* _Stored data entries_
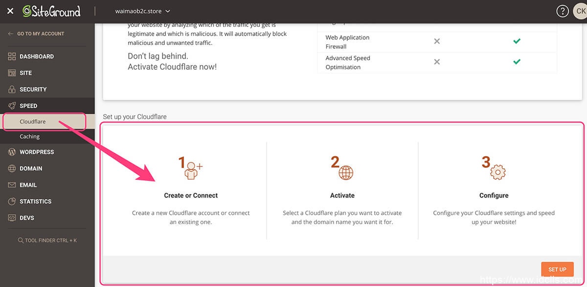 点击上图右下角的SET UP按钮,在弹窗中选择CREATE NEW选项用来创建Cloudflare账户,如果你已经在Cloudflare官网创建了账户,可以选择Connect Existing选项绑定你的Siteground账户和Cloudflare账户。
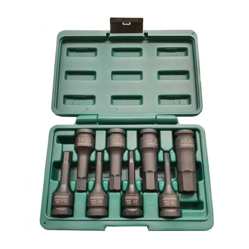Robustní sada zástrčných imbusových hlavic značky JONNESWAY je určená pro rázové utahováky elektrické, akumulátorové i pneumatické.
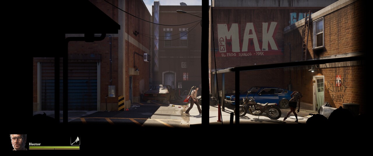 A látványvilágra visszatérve, hiába oldalnézetes a játék, teljesen 3D-s a környezet. A helyszínek nagyon autentikusak, nagy gondossággal és a részletekre figyelve alkották meg őket. Sajnos optimalizációról még nem beszélhetünk, DLSS nélkül alig 20 fps-t produkál nálam az Into the Dead, pedig elég combos gépem van. DLSS-t bekapcsolva már 60-70 fps közötti értéket kapok, ami bőven elég, de még így is botrányosan alacsony egy ilyen oldalnézetes, viszonylag statikus pályákkal operáló játékhoz.
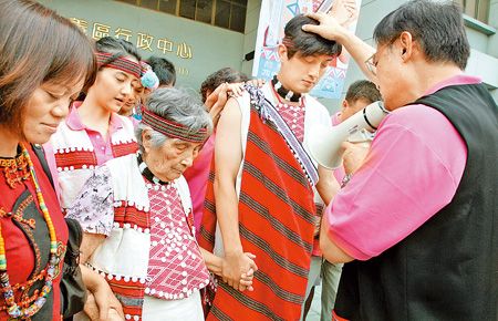 在臺(tái)北市選委會(huì)外,有臺(tái)灣少數(shù)民族市議員參選人身著傳統(tǒng)服裝,在耆老與族人的陪同下前往登記。來(lái)源:臺(tái)灣《中國(guó)時(shí)報(bào)》
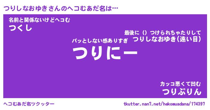 | 男性向けラノベタイトル風あだ名 | 『つりしなおゆきの憂鬱』 |
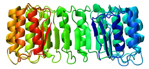 Ribonuclease inhibitor (RI) is a large (~450 residues, ~49 kDa), acidic (pI ~4.7), leucine-rich repeat protein that forms extremely tight complexes with certain ribonucleases. It is a major cellular protein, comprising ~0.1% of all cellular protein by weight, and appears to play an important role in regulating the lifetime of RNA.[2]
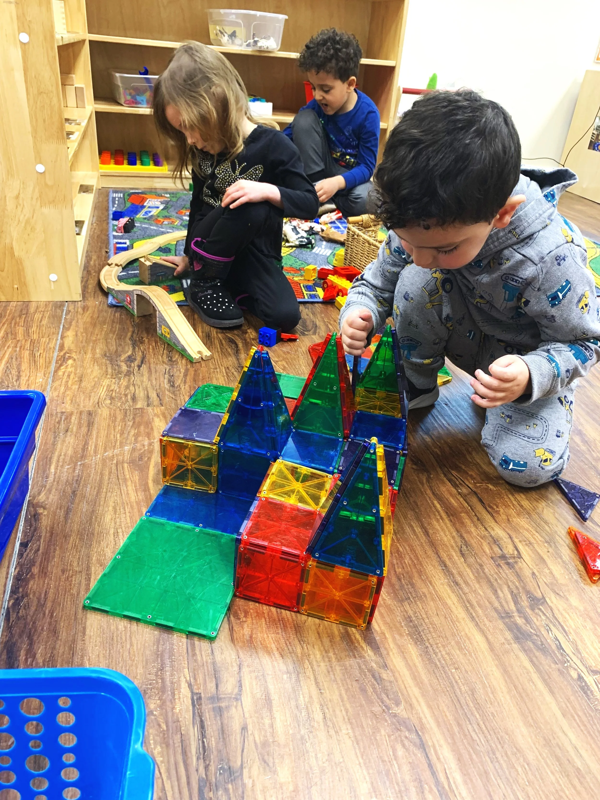 Mathematical concepts are integral to the curriculum at all age levels. Through the manipulation and exploration of a wide range of materials, children gain an understanding of counting and number sense, basic addition and subtraction, sorting, patterning, comparing, sequencing, classifying and estimating. Teachers use charts, graphs, books and songs to support the children's math skills. Conceptual learning takes place in the context of play through activities such as cooking, counting games, block building and group meetings. One of our goals is to help children think mathematically and use language to describe, reason, and predict ideas and solutions.
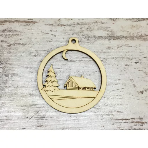 Natúr fa - Kerek dísz házikó 9cm – karácsonyi dekorációhoz
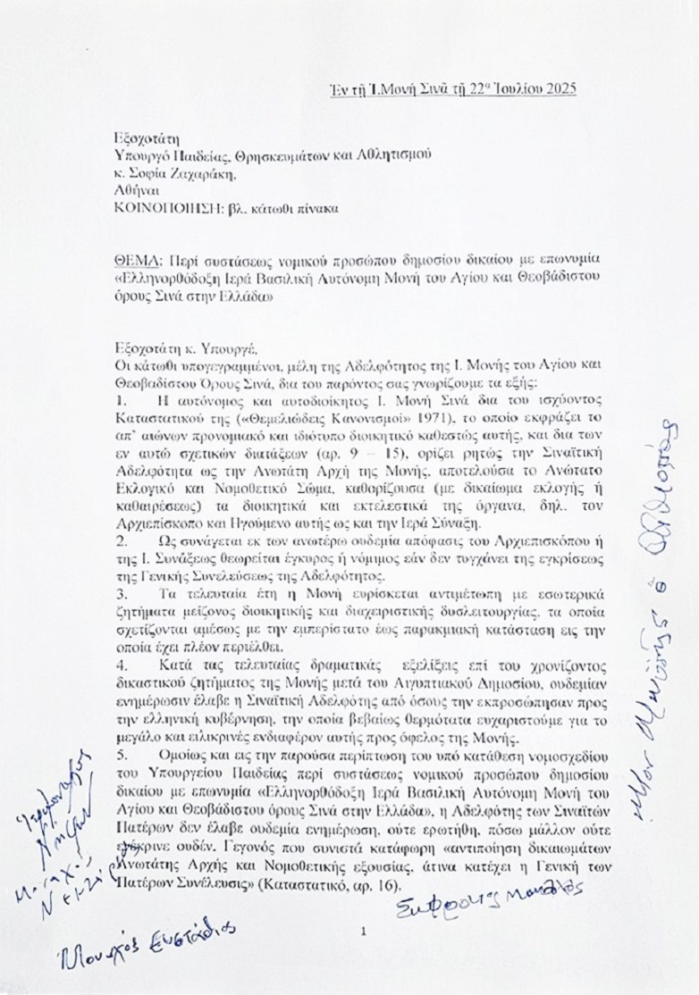 Εν τω μεταξύ, ως κεραυνός εν αιθρία έπεσε αργά χθες βράδυ στο Υπ. Παιδείας η επιστολή που απεστάλη προς την Υπουργό Παιδείας Σοφία Ζαχαράκη από την Σιναϊτική Αδελφότητα με αφορμή το νέο ίδρυμα που ιδρύεται με πρωτοβουλία του Υπ. Παιδείας με τον διακριτικό τίτλο «Ελληνορθόδοξη Ιερά Βασιλική, Αυτόνομη Μονή του Αγίου Θεοβαδίστου όρους Σινά στην Ελλάδα».
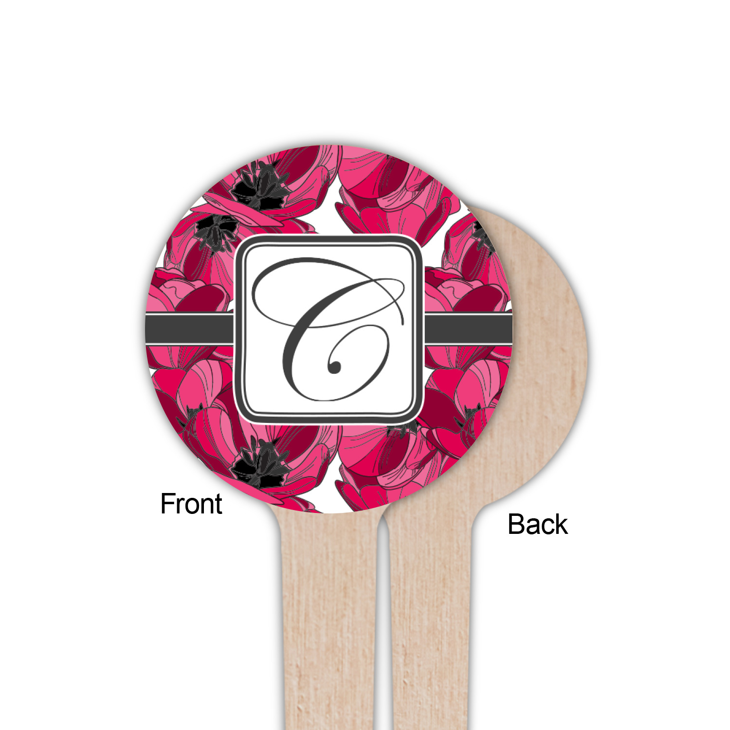 The tulips design has a classic ribbon in dark grey along with square label for your personalization.
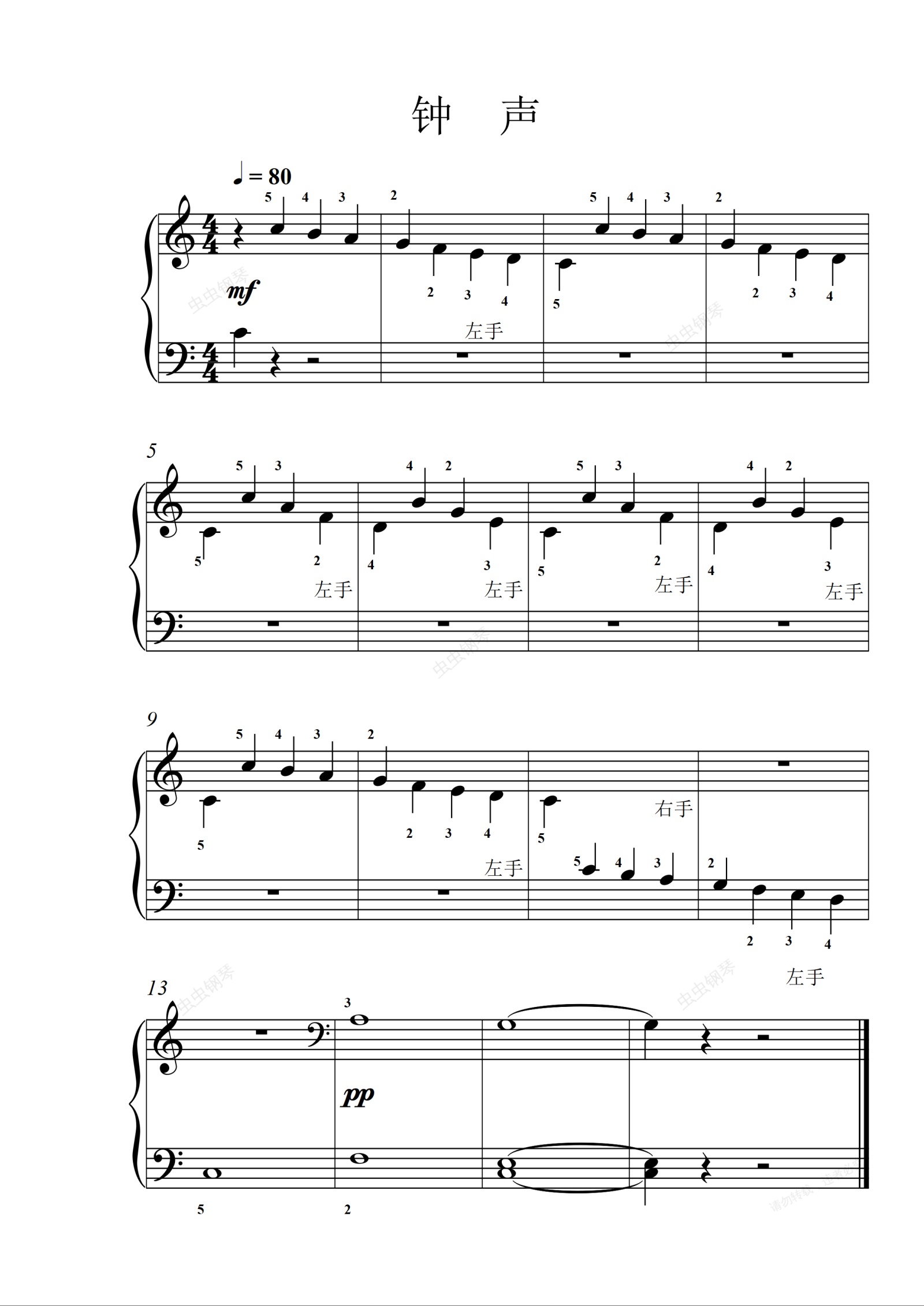 钢琴谱:18.钟声《约翰汤普森 现代钢琴教程1》
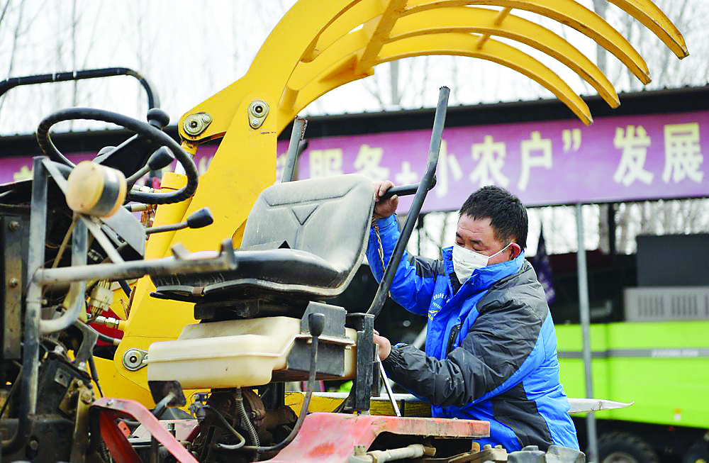 2月27日,河北省定州市信聯(lián)農機專業(yè)合作社農民在檢修農機。
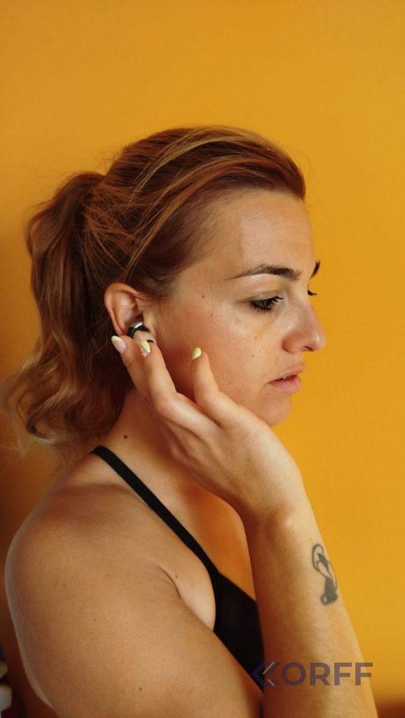 -La forme en “C” a été pensée pour s’adapter à un maximum de morphologies. Elle épouse le pavillon de l’oreille sans points de pression gênants et assure le maintien de façon homogène.
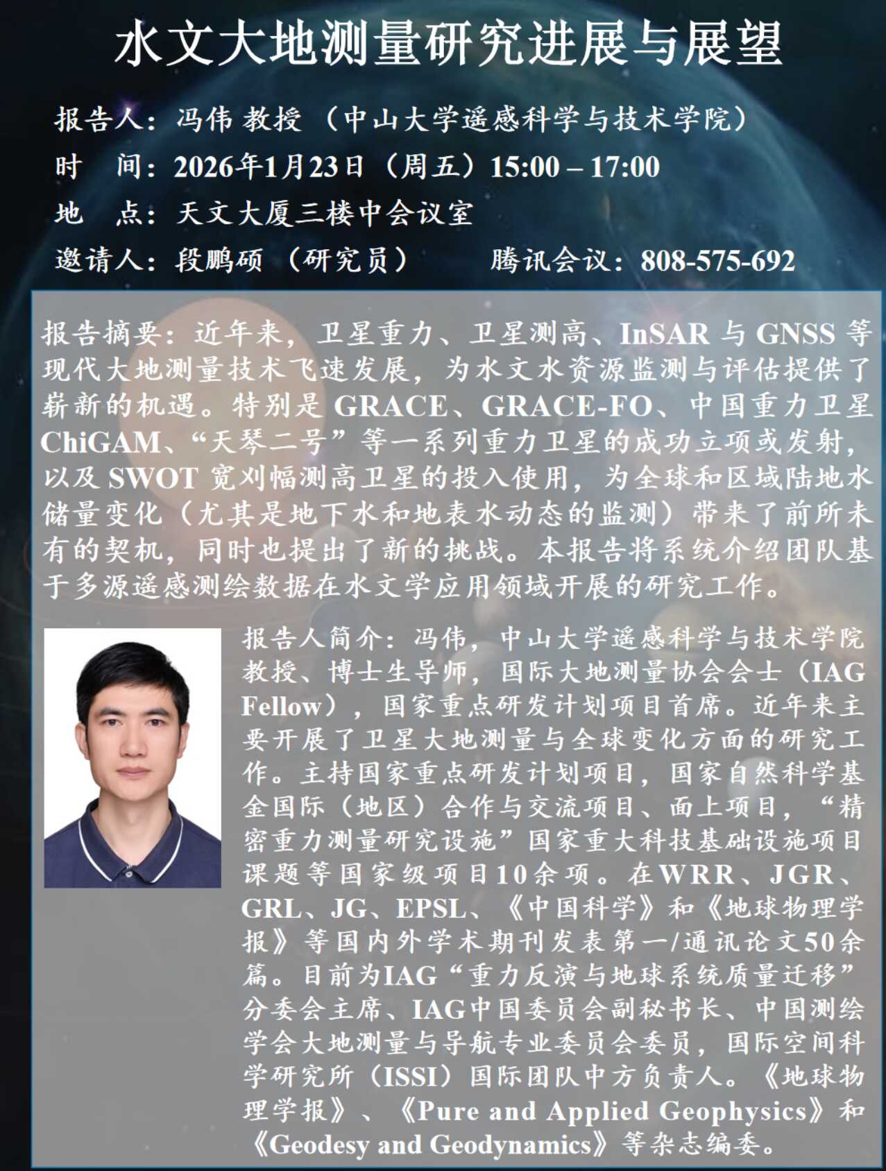报告人简介:冯伟,中山大学遥感科学与技术学院教授、博士生导师,国际大地测量协会会士(IAG Fellow),国家重点研发计划项目首席。近年来主要开展了卫星大地测量与全球变化方面的研究工作。主持国家重点研发计划项目,国家自然科学基金国际(地区)合作与交流项目、面上项目,“精密重力测量研究设施”国家重大科技基础设施项目课题等国家级项目10余项。在WRR、JGR、GRL、JG、EPSL、《中国科学》和《地球物理学报》等国内外学术期刊发表第一/通讯论文50余篇。目前为IAG“重力反演与地球系统质量迁移”分委会主席、IAG中国委员会副秘书长、中国测绘学会大地测量与导航专业委员会委员,国际空间科学研究所(ISSI)国际团队中方负责人。《地球物理学报》、《Pure and Applied Geophysics》和《Geodesy and Geodynamics》等杂志编委。

* _Task item_
Every line above goes into your copy exactly; no images go in.

* _Answer to this exercise_
 点击上图右下角的SET UP按钮,在弹窗中选择CREATE NEW选项用来创建Cloudflare账户,如果你已经在Cloudflare官网创建了账户,可以选择Connect Existing选项绑定你的Siteground账户和Cloudflare账户。
Robustní sada zástrčných imbusových hlavic značky JONNESWAY je určená pro rázové utahováky elektrické, akumulátorové i pneumatické.
 A látványvilágra visszatérve, hiába oldalnézetes a játék, teljesen 3D-s a környezet. A helyszínek nagyon autentikusak, nagy gondossággal és a részletekre figyelve alkották meg őket. Sajnos optimalizációról még nem beszélhetünk, DLSS nélkül alig 20 fps-t produkál nálam az Into the Dead, pedig elég combos gépem van. DLSS-t bekapcsolva már 60-70 fps közötti értéket kapok, ami bőven elég, de még így is botrányosan alacsony egy ilyen oldalnézetes, viszonylag statikus pályákkal operáló játékhoz.
 在臺(tái)北市選委會(huì)外,有臺(tái)灣少數(shù)民族市議員參選人身著傳統(tǒng)服裝,在耆老與族人的陪同下前往登記。來(lái)源:臺(tái)灣《中國(guó)時(shí)報(bào)》
 | 男性向けラノベタイトル風あだ名 | 『つりしなおゆきの憂鬱』 |
 Ribonuclease inhibitor (RI) is a large (~450 residues, ~49 kDa), acidic (pI ~4.7), leucine-rich repeat protein that forms extremely tight complexes with certain ribonucleases. It is a major cellular protein, comprising ~0.1% of all cellular protein by weight, and appears to play an important role in regulating the lifetime of RNA.[2]
 Mathematical concepts are integral to the curriculum at all age levels. Through the manipulation and exploration of a wide range of materials, children gain an understanding of counting and number sense, basic addition and subtraction, sorting, patterning, comparing, sequencing, classifying and estimating. Teachers use charts, graphs, books and songs to support the children's math skills. Conceptual learning takes place in the context of play through activities such as cooking, counting games, block building and group meetings. One of our goals is to help children think mathematically and use language to describe, reason, and predict ideas and solutions.
 Natúr fa - Kerek dísz házikó 9cm – karácsonyi dekorációhoz
 Εν τω μεταξύ, ως κεραυνός εν αιθρία έπεσε αργά χθες βράδυ στο Υπ. Παιδείας η επιστολή που απεστάλη προς την Υπουργό Παιδείας Σοφία Ζαχαράκη από την Σιναϊτική Αδελφότητα με αφορμή το νέο ίδρυμα που ιδρύεται με πρωτοβουλία του Υπ. Παιδείας με τον διακριτικό τίτλο «Ελληνορθόδοξη Ιερά Βασιλική, Αυτόνομη Μονή του Αγίου Θεοβαδίστου όρους Σινά στην Ελλάδα».
 The tulips design has a classic ribbon in dark grey along with square label for your personalization.
 钢琴谱:18.钟声《约翰汤普森 现代钢琴教程1》
 2月27日,河北省定州市信聯(lián)農機專業(yè)合作社農民在檢修農機。
 -La forme en “C” a été pensée pour s’adapter à un maximum de morphologies. Elle épouse le pavillon de l’oreille sans points de pression gênants et assure le maintien de façon homogène.
报告人简介:冯伟,中山大学遥感科学与技术学院教授、博士生导师,国际大地测量协会会士(IAG Fellow),国家重点研发计划项目首席。近年来主要开展了卫星大地测量与全球变化方面的研究工作。主持国家重点研发计划项目,国家自然科学基金国际(地区)合作与交流项目、面上项目,“精密重力测量研究设施”国家重大科技基础设施项目课题等国家级项目10余项。在WRR、JGR、GRL、JG、EPSL、《中国科学》和《地球物理学报》等国内外学术期刊发表第一/通讯论文50余篇。目前为IAG“重力反演与地球系统质量迁移”分委会主席、IAG中国委员会副秘书长、中国测绘学会大地测量与导航专业委员会委员,国际空间科学研究所(ISSI)国际团队中方负责人。《地球物理学报》、《Pure and Applied Geophysics》和《Geodesy and Geodynamics》等杂志编委。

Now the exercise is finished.